Only the text of the records belongs in the answer; the pictures must be dropped.

** Data records follows **

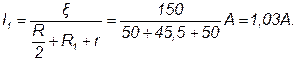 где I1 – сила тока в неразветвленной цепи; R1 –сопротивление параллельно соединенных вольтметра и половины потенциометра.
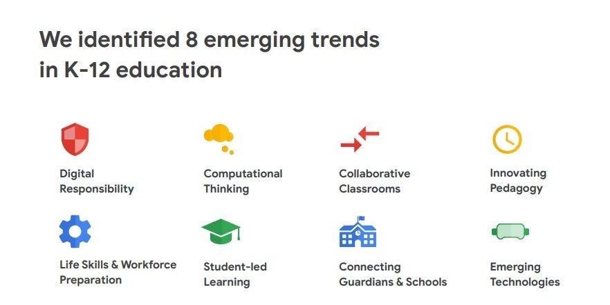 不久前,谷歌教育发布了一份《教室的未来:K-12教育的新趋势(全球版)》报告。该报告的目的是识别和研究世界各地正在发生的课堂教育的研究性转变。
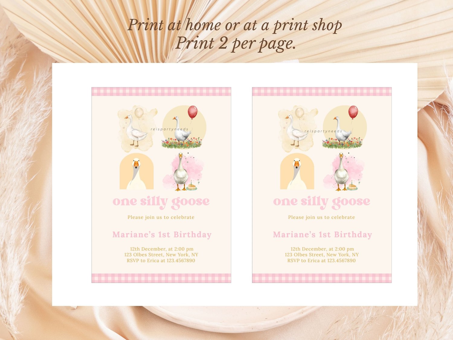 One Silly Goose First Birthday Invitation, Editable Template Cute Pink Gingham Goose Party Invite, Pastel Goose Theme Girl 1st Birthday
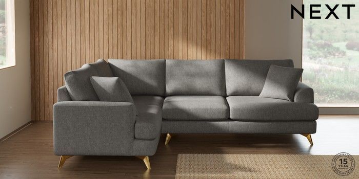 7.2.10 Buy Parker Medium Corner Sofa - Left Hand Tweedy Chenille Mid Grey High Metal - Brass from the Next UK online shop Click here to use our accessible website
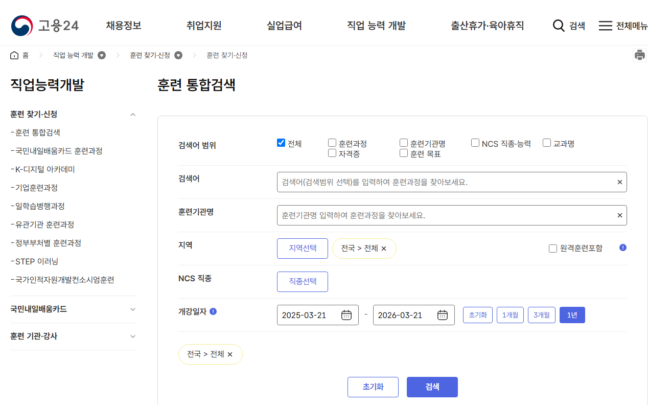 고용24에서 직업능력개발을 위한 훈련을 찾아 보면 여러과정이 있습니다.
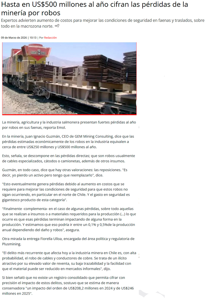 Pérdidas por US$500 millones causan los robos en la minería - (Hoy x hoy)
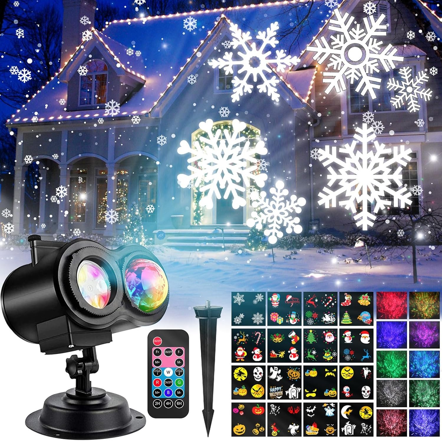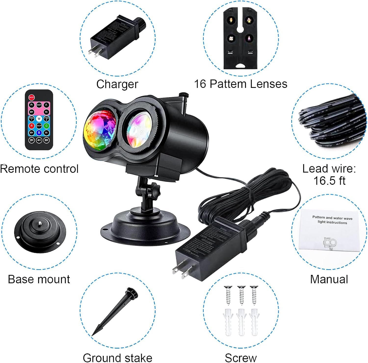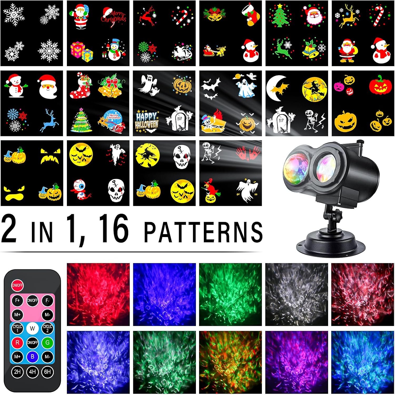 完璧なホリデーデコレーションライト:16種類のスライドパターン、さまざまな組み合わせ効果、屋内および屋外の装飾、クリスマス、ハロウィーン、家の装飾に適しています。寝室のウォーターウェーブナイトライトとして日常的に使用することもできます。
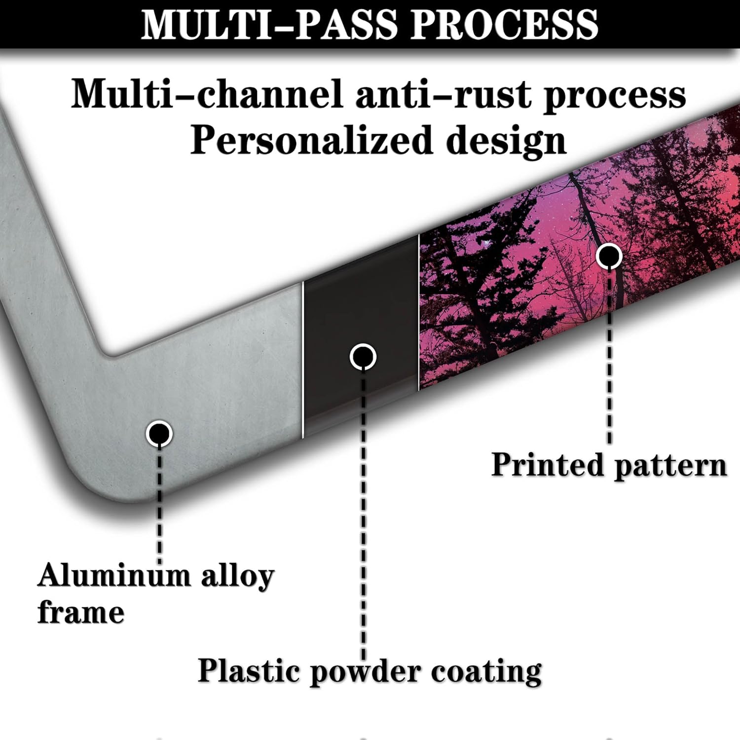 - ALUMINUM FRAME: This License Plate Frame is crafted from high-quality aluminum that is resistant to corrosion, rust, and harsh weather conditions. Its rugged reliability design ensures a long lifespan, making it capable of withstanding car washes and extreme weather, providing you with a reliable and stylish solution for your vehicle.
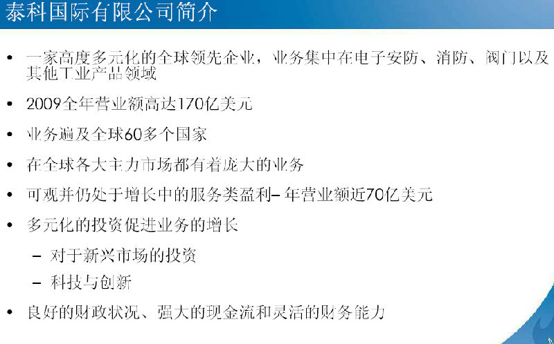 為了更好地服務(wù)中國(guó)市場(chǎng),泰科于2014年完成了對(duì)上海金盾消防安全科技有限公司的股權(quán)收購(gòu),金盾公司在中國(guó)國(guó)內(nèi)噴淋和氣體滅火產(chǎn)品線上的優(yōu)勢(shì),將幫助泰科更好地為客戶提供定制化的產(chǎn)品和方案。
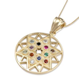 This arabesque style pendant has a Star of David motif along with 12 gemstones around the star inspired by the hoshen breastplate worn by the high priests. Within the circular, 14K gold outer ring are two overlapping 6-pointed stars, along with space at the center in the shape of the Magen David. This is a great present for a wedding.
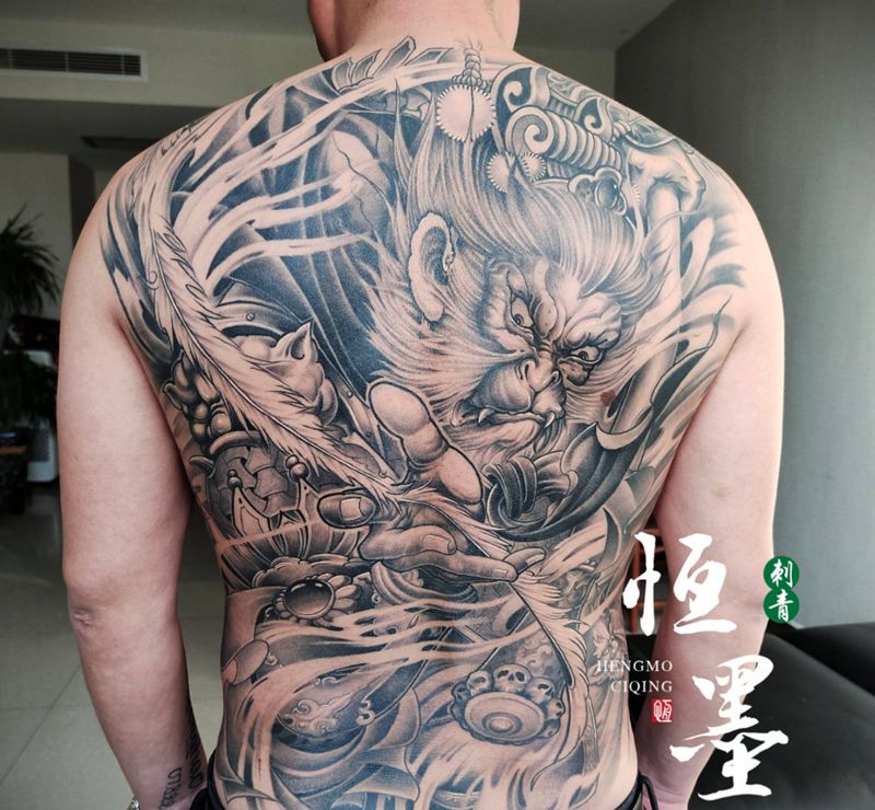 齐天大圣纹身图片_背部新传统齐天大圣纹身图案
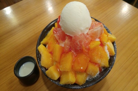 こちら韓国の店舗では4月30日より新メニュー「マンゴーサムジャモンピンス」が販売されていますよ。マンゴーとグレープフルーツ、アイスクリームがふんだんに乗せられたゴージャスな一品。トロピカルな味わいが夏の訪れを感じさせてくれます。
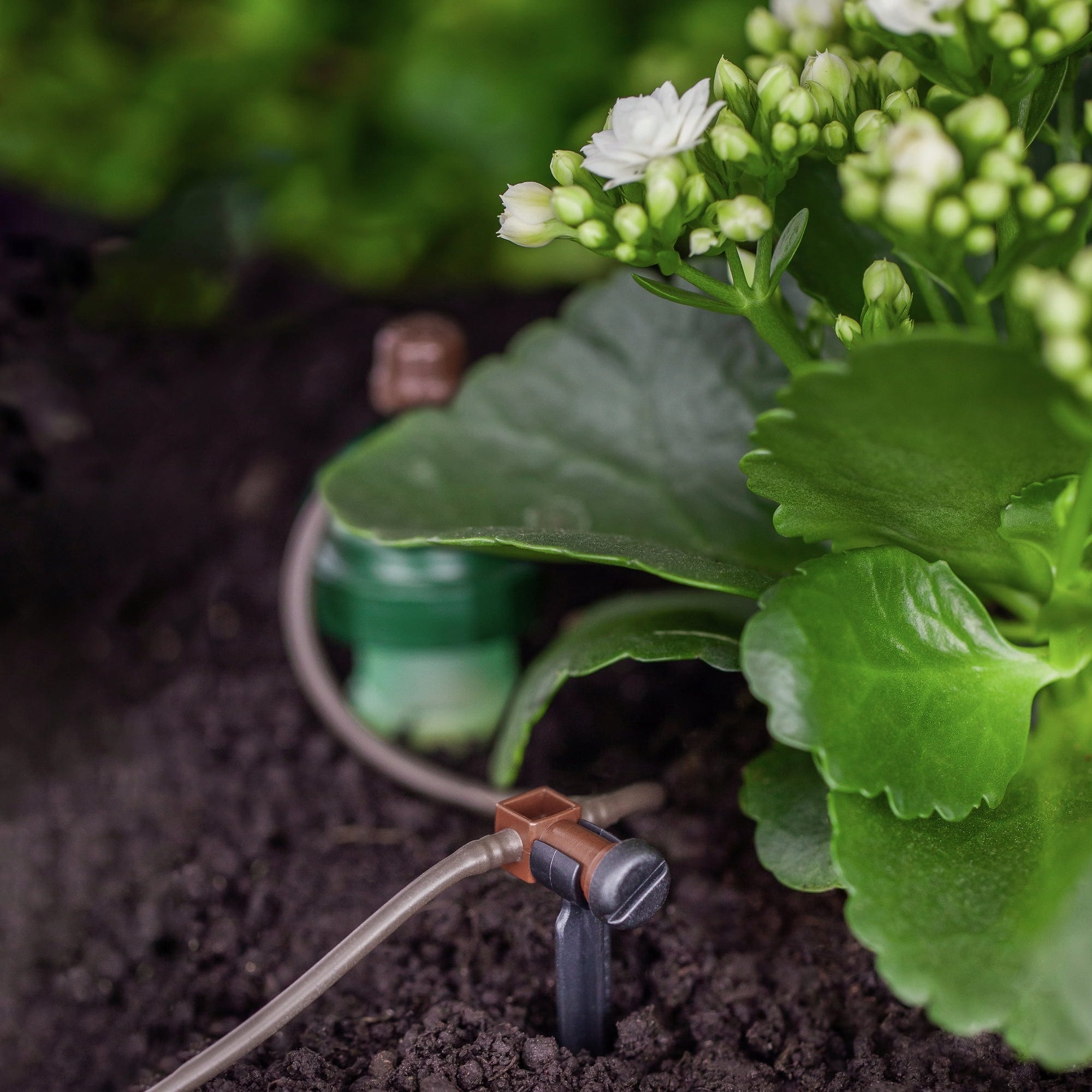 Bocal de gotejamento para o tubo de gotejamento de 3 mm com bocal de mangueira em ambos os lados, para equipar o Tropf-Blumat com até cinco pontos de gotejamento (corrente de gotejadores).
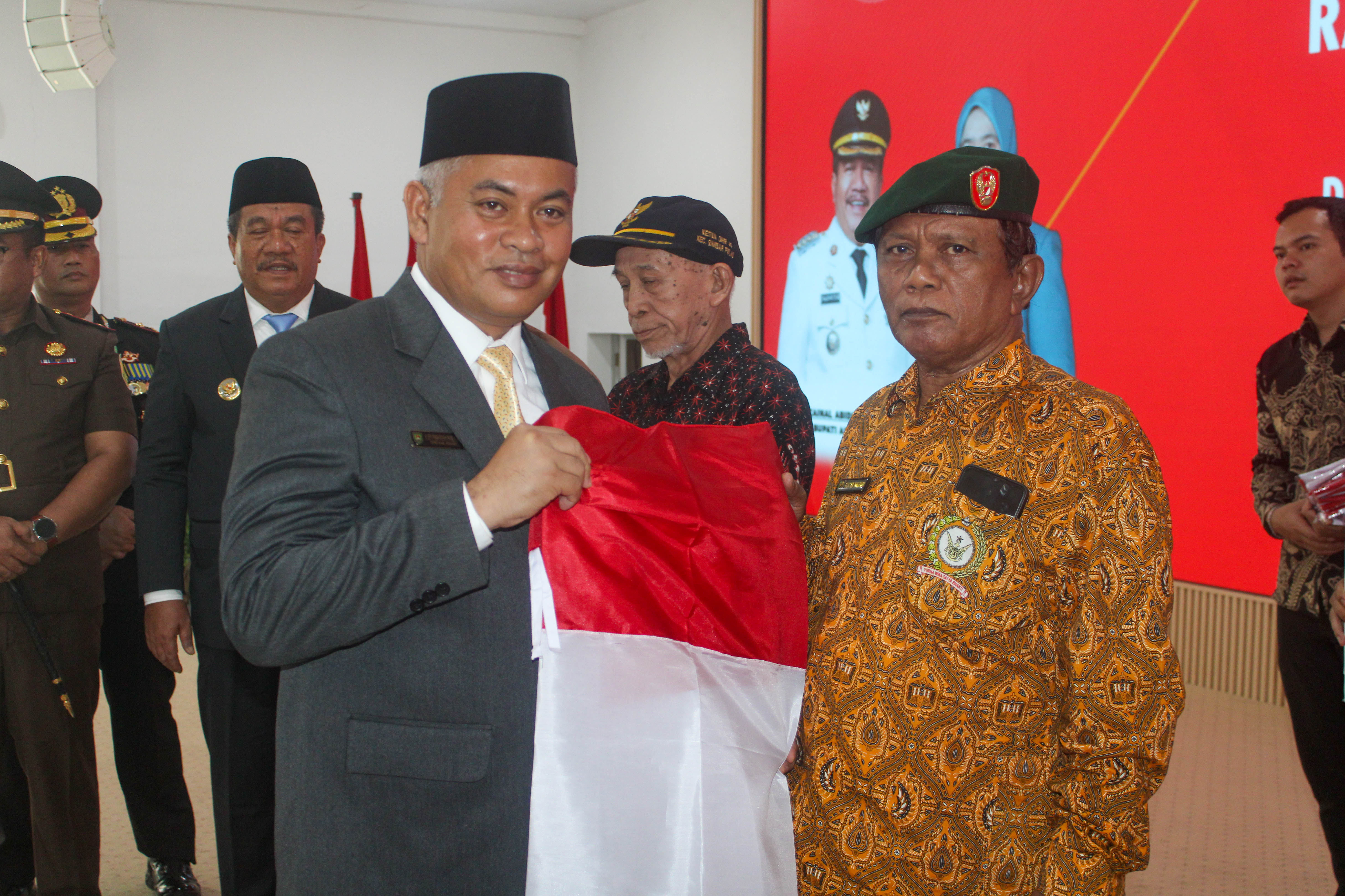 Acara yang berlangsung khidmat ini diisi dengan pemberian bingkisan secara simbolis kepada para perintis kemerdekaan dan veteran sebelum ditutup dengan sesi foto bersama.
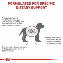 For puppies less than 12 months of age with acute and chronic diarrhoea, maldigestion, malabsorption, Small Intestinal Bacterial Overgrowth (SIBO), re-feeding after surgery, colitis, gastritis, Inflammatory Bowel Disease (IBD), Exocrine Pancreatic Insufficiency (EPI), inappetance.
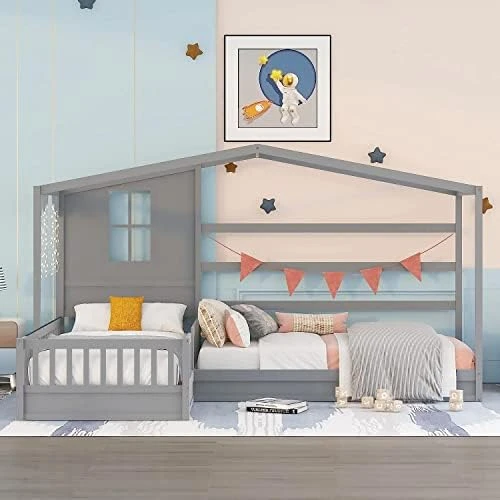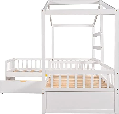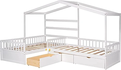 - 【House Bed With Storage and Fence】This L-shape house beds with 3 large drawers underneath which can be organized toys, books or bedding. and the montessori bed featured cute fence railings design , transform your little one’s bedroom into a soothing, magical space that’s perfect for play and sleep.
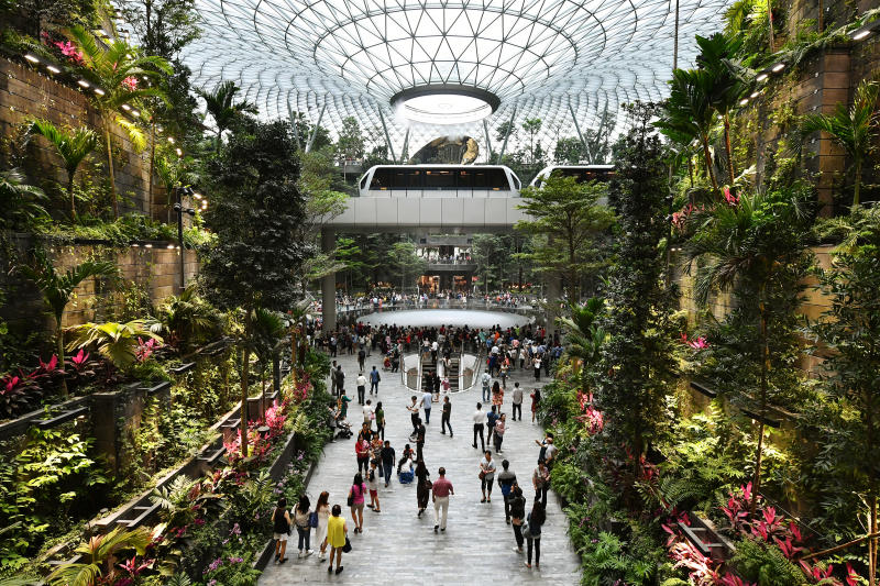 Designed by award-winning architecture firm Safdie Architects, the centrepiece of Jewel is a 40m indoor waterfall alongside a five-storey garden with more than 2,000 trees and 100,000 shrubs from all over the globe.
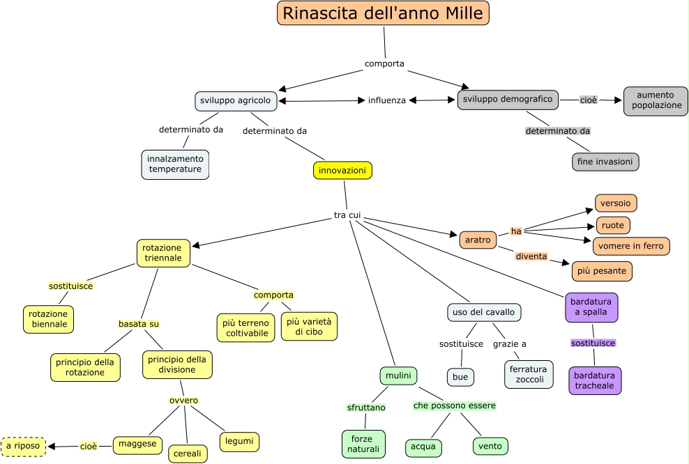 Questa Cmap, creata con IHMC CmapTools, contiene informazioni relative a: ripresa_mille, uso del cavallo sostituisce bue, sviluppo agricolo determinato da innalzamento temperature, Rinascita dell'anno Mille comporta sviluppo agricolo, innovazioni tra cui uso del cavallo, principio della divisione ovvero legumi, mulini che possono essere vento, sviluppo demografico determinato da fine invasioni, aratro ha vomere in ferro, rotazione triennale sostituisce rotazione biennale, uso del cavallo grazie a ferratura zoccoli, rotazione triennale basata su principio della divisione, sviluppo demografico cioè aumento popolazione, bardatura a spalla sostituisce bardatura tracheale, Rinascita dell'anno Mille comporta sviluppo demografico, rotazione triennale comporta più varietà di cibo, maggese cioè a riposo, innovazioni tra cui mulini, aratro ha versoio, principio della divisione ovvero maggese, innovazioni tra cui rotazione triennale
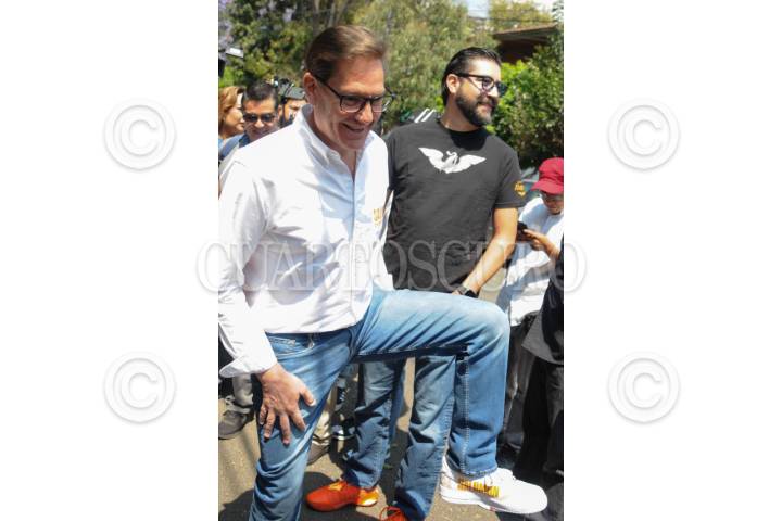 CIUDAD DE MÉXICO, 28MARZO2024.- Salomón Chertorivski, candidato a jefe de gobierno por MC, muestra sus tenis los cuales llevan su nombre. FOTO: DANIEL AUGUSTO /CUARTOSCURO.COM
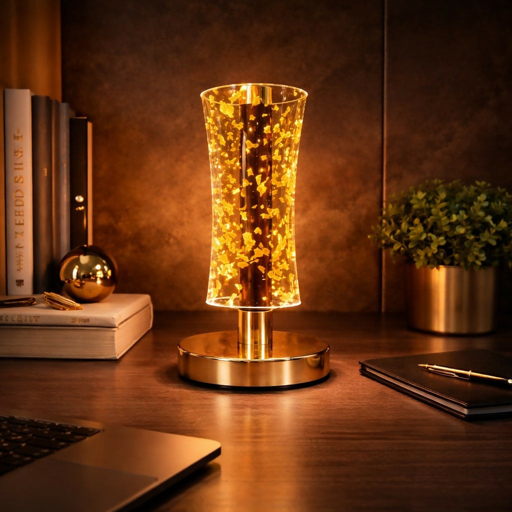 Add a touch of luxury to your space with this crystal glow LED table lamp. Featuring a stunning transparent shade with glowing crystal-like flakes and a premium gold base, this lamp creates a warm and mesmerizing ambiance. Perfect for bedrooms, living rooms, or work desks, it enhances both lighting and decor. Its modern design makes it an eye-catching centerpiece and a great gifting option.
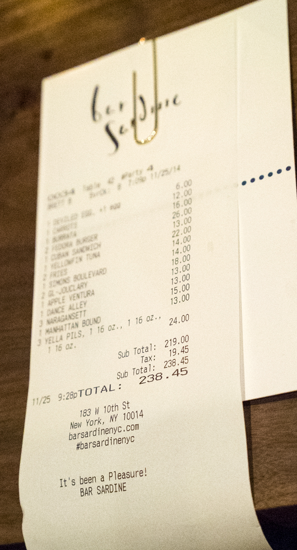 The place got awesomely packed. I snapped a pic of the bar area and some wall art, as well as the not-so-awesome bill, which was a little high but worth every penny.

** End of Data records **

■ **Answer to the problem**:
 где I1 – сила тока в неразветвленной цепи; R1 –сопротивление параллельно соединенных вольтметра и половины потенциометра.
 不久前,谷歌教育发布了一份《教室的未来:K-12教育的新趋势(全球版)》报告。该报告的目的是识别和研究世界各地正在发生的课堂教育的研究性转变。
 One Silly Goose First Birthday Invitation, Editable Template Cute Pink Gingham Goose Party Invite, Pastel Goose Theme Girl 1st Birthday
 7.2.10 Buy Parker Medium Corner Sofa - Left Hand Tweedy Chenille Mid Grey High Metal - Brass from the Next UK online shop Click here to use our accessible website
 고용24에서 직업능력개발을 위한 훈련을 찾아 보면 여러과정이 있습니다.
 Pérdidas por US$500 millones causan los robos en la minería - (Hoy x hoy)
 完璧なホリデーデコレーションライト:16種類のスライドパターン、さまざまな組み合わせ効果、屋内および屋外の装飾、クリスマス、ハロウィーン、家の装飾に適しています。寝室のウォーターウェーブナイトライトとして日常的に使用することもできます。
 - ALUMINUM FRAME: This License Plate Frame is crafted from high-quality aluminum that is resistant to corrosion, rust, and harsh weather conditions. Its rugged reliability design ensures a long lifespan, making it capable of withstanding car washes and extreme weather, providing you with a reliable and stylish solution for your vehicle.
 為了更好地服務(wù)中國(guó)市場(chǎng),泰科于2014年完成了對(duì)上海金盾消防安全科技有限公司的股權(quán)收購(gòu),金盾公司在中國(guó)國(guó)內(nèi)噴淋和氣體滅火產(chǎn)品線上的優(yōu)勢(shì),將幫助泰科更好地為客戶提供定制化的產(chǎn)品和方案。
 This arabesque style pendant has a Star of David motif along with 12 gemstones around the star inspired by the hoshen breastplate worn by the high priests. Within the circular, 14K gold outer ring are two overlapping 6-pointed stars, along with space at the center in the shape of the Magen David. This is a great present for a wedding.
 齐天大圣纹身图片_背部新传统齐天大圣纹身图案
 こちら韓国の店舗では4月30日より新メニュー「マンゴーサムジャモンピンス」が販売されていますよ。マンゴーとグレープフルーツ、アイスクリームがふんだんに乗せられたゴージャスな一品。トロピカルな味わいが夏の訪れを感じさせてくれます。
 Bocal de gotejamento para o tubo de gotejamento de 3 mm com bocal de mangueira em ambos os lados, para equipar o Tropf-Blumat com até cinco pontos de gotejamento (corrente de gotejadores).
 Acara yang berlangsung khidmat ini diisi dengan pemberian bingkisan secara simbolis kepada para perintis kemerdekaan dan veteran sebelum ditutup dengan sesi foto bersama.
 For puppies less than 12 months of age with acute and chronic diarrhoea, maldigestion, malabsorption, Small Intestinal Bacterial Overgrowth (SIBO), re-feeding after surgery, colitis, gastritis, Inflammatory Bowel Disease (IBD), Exocrine Pancreatic Insufficiency (EPI), inappetance.
 - 【House Bed With Storage and Fence】This L-shape house beds with 3 large drawers underneath which can be organized toys, books or bedding. and the montessori bed featured cute fence railings design , transform your little one’s bedroom into a soothing, magical space that’s perfect for play and sleep.
 Designed by award-winning architecture firm Safdie Architects, the centrepiece of Jewel is a 40m indoor waterfall alongside a five-storey garden with more than 2,000 trees and 100,000 shrubs from all over the globe.
 Questa Cmap, creata con IHMC CmapTools, contiene informazioni relative a: ripresa_mille, uso del cavallo sostituisce bue, sviluppo agricolo determinato da innalzamento temperature, Rinascita dell'anno Mille comporta sviluppo agricolo, innovazioni tra cui uso del cavallo, principio della divisione ovvero legumi, mulini che possono essere vento, sviluppo demografico determinato da fine invasioni, aratro ha vomere in ferro, rotazione triennale sostituisce rotazione biennale, uso del cavallo grazie a ferratura zoccoli, rotazione triennale basata su principio della divisione, sviluppo demografico cioè aumento popolazione, bardatura a spalla sostituisce bardatura tracheale, Rinascita dell'anno Mille comporta sviluppo demografico, rotazione triennale comporta più varietà di cibo, maggese cioè a riposo, innovazioni tra cui mulini, aratro ha versoio, principio della divisione ovvero maggese, innovazioni tra cui rotazione triennale
 CIUDAD DE MÉXICO, 28MARZO2024.- Salomón Chertorivski, candidato a jefe de gobierno por MC, muestra sus tenis los cuales llevan su nombre. FOTO: DANIEL AUGUSTO /CUARTOSCURO.COM
 Add a touch of luxury to your space with this crystal glow LED table lamp. Featuring a stunning transparent shade with glowing crystal-like flakes and a premium gold base, this lamp creates a warm and mesmerizing ambiance. Perfect for bedrooms, living rooms, or work desks, it enhances both lighting and decor. Its modern design makes it an eye-catching centerpiece and a great gifting option.
 The place got awesomely packed. I snapped a pic of the bar area and some wall art, as well as the not-so-awesome bill, which was a little high but worth every penny.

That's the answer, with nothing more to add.